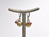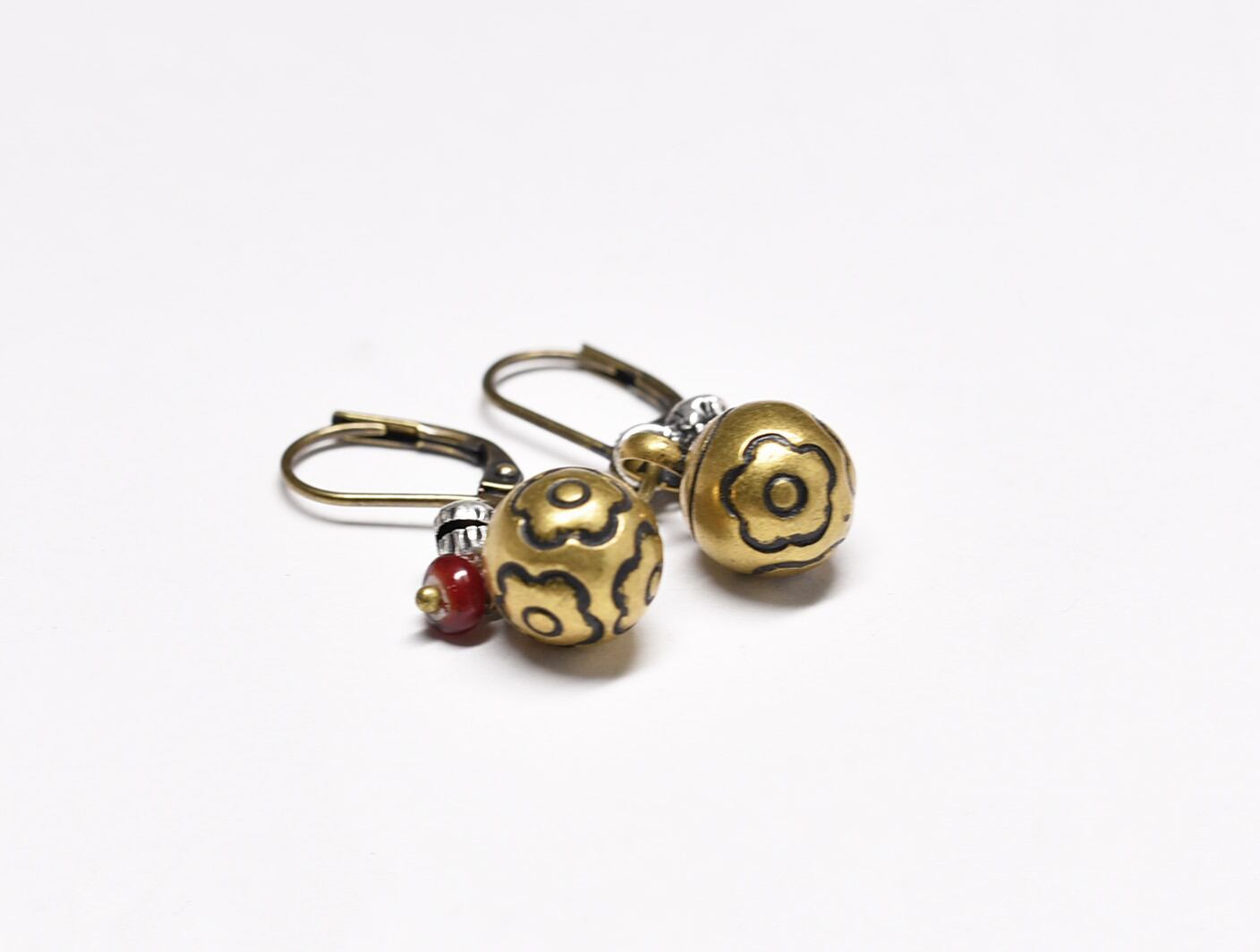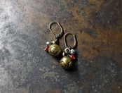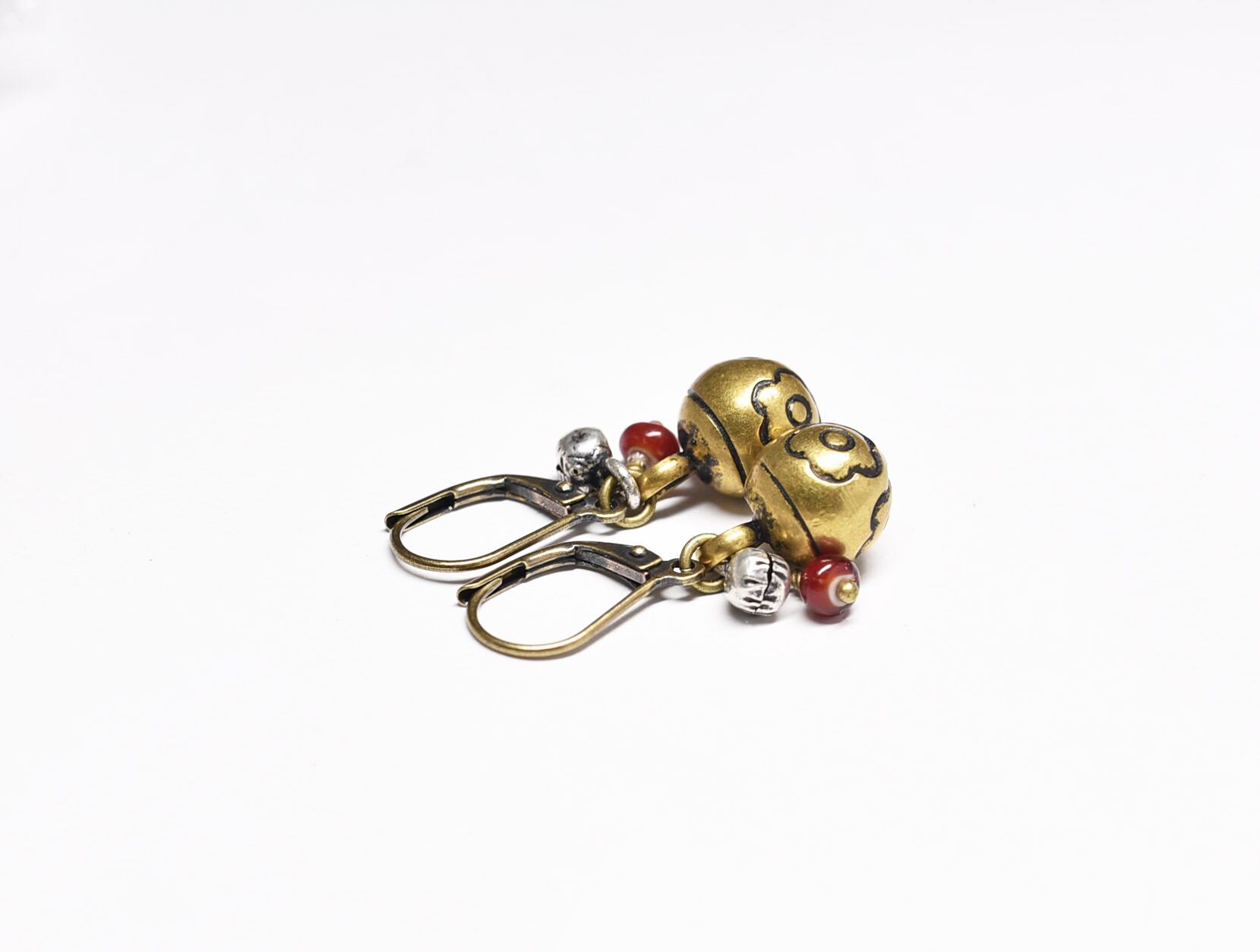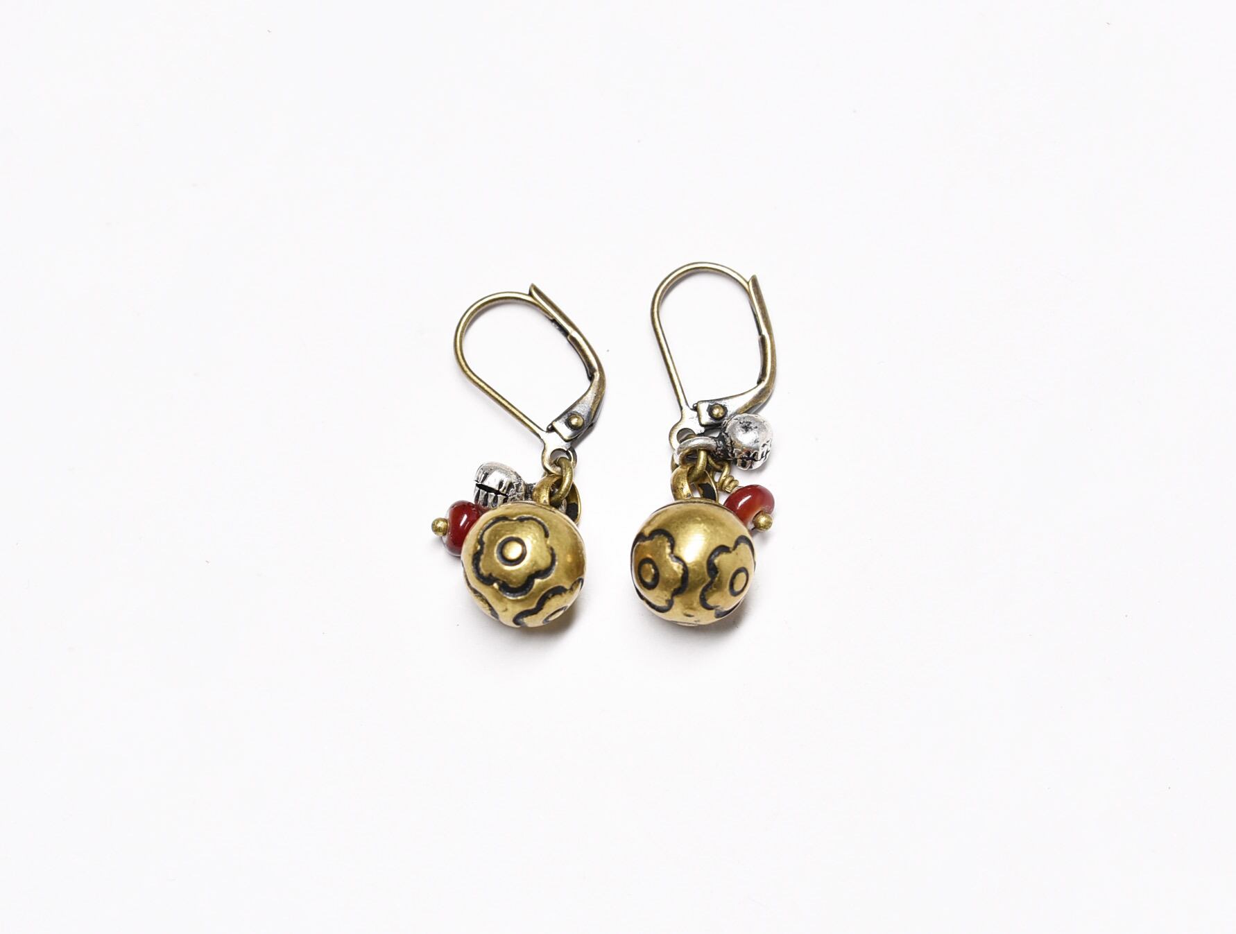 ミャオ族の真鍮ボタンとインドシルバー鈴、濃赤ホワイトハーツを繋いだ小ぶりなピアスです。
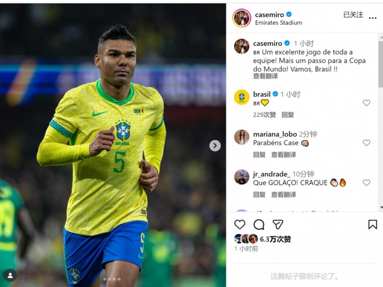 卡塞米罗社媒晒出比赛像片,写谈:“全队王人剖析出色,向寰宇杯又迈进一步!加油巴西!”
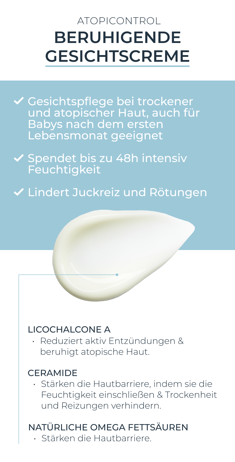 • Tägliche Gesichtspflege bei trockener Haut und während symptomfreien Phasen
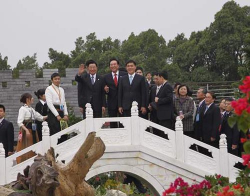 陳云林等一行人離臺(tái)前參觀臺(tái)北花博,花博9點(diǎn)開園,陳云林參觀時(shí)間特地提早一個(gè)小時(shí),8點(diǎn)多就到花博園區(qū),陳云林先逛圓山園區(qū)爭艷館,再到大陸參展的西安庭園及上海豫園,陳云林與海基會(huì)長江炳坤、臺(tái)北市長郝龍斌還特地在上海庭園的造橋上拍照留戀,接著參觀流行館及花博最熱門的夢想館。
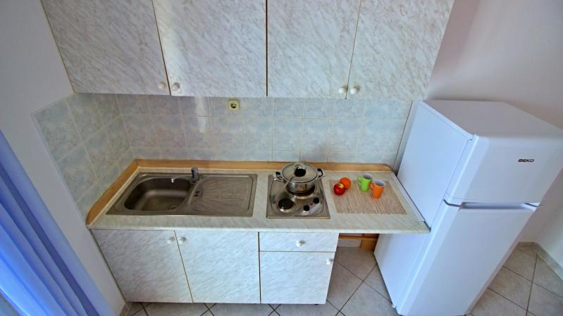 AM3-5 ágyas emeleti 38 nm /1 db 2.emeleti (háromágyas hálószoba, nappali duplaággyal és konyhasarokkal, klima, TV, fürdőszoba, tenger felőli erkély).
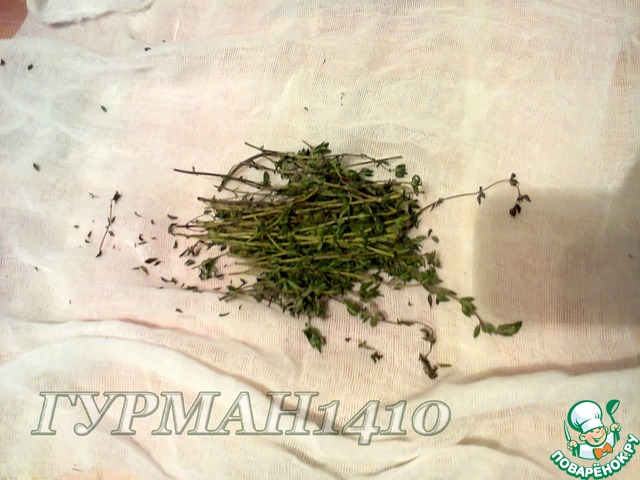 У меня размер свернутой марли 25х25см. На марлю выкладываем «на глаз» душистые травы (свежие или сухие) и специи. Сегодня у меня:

▶ What to do: Pictures aside, restate all of the entries exactly.

▶ Response to this exercise:
 ミャオ族の真鍮ボタンとインドシルバー鈴、濃赤ホワイトハーツを繋いだ小ぶりなピアスです。
 卡塞米罗社媒晒出比赛像片,写谈:“全队王人剖析出色,向寰宇杯又迈进一步!加油巴西!”
 • Tägliche Gesichtspflege bei trockener Haut und während symptomfreien Phasen
 陳云林等一行人離臺(tái)前參觀臺(tái)北花博,花博9點(diǎn)開園,陳云林參觀時(shí)間特地提早一個(gè)小時(shí),8點(diǎn)多就到花博園區(qū),陳云林先逛圓山園區(qū)爭艷館,再到大陸參展的西安庭園及上海豫園,陳云林與海基會(huì)長江炳坤、臺(tái)北市長郝龍斌還特地在上海庭園的造橋上拍照留戀,接著參觀流行館及花博最熱門的夢想館。
 AM3-5 ágyas emeleti 38 nm /1 db 2.emeleti (háromágyas hálószoba, nappali duplaággyal és konyhasarokkal, klima, TV, fürdőszoba, tenger felőli erkély).
 У меня размер свернутой марли 25х25см. На марлю выкладываем «на глаз» душистые травы (свежие или сухие) и специи. Сегодня у меня:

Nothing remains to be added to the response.